Пианист широко улыбнулся, показав золотую фиксу, блеснувшую в уголке его рта, и бессильно рухнул на высокий табурет, попутно затянув блюз Хаулина Вулфа «Триста фунтов радости». Морские офицеры, блистающие новенькими знаками отличия, кортиками и аксельбантами, подхватили его и поспешно уволокли куда-то вглубь.

— А теперь расскажи немного о себе, — попросил Шон, проводив веселую троицу взглядом.

Алисия оторвалась от сосредоточенного изучения пузырьков в своем шампанском. Беспомощно пожав плечами, она слабо улыбнулась.

— Что ты хочешь знать?

Шон улыбнулся ей и повторил терпеливо и ласково:

— Расскажи мне все.

Алисия взглянула на него сквозь пелену непролившихся слез, застилавшую взор. Ее глаза сияли.

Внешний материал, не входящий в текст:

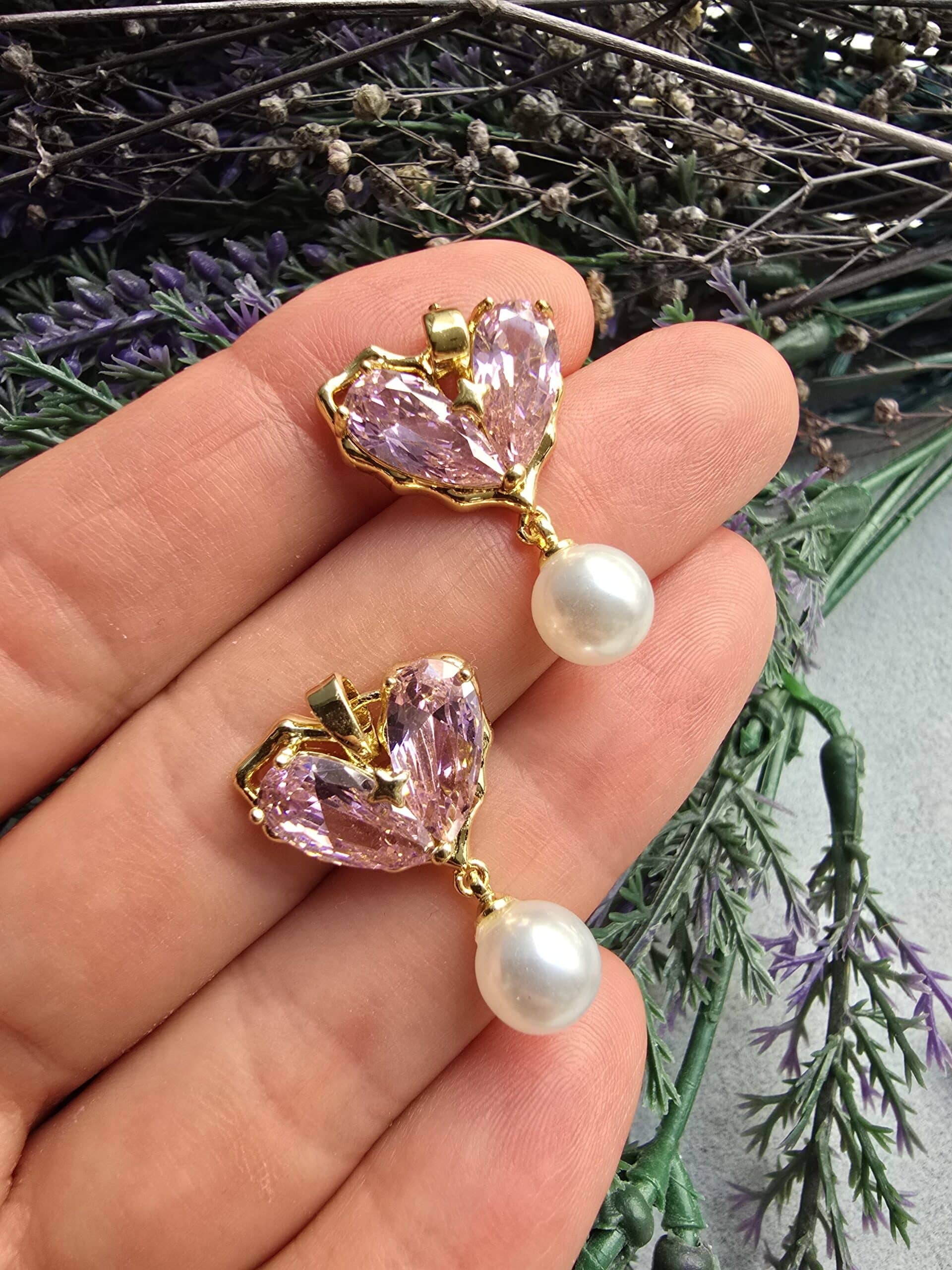 İnci Sallantılı Zirkon Taşlı Kalp Kolye Ucu
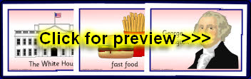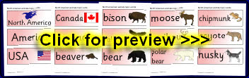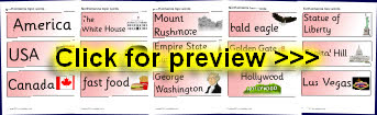 A set of word and picture cards with various places, people and items associated with North America. Great for classroom displays and word banks.

— Я расскажу все о себе в обмен на всю правду о тебе, — сказала она.

Шон смотрел на нее широко раскрытыми, радостными и удивленными глазами, не в силах оторвать взгляд от Алисии. Он откинул голову и улыбнулся.

— Мне это нравится, — пробормотал он. — Ты удивительная.

Внезапно он стал совершенно серьезным.

— Я люблю тебя, — произнес он тихим глубоким голосом.

Не дожидаясь ответа, схватил ее руку и прижал к своим горячим губам.

— Я расскажу тебе все, совершенно все, — зашептал он. — Что ты хочешь знать?

Трепеща от прикосновения его губ, ошеломленная признанием, Алисия спросила первое, что пришло в голову.

— Где ты родился?

— Здесь, в восточной Пенсильвании.

— Неужели? — рассмеялась она. — И я тоже.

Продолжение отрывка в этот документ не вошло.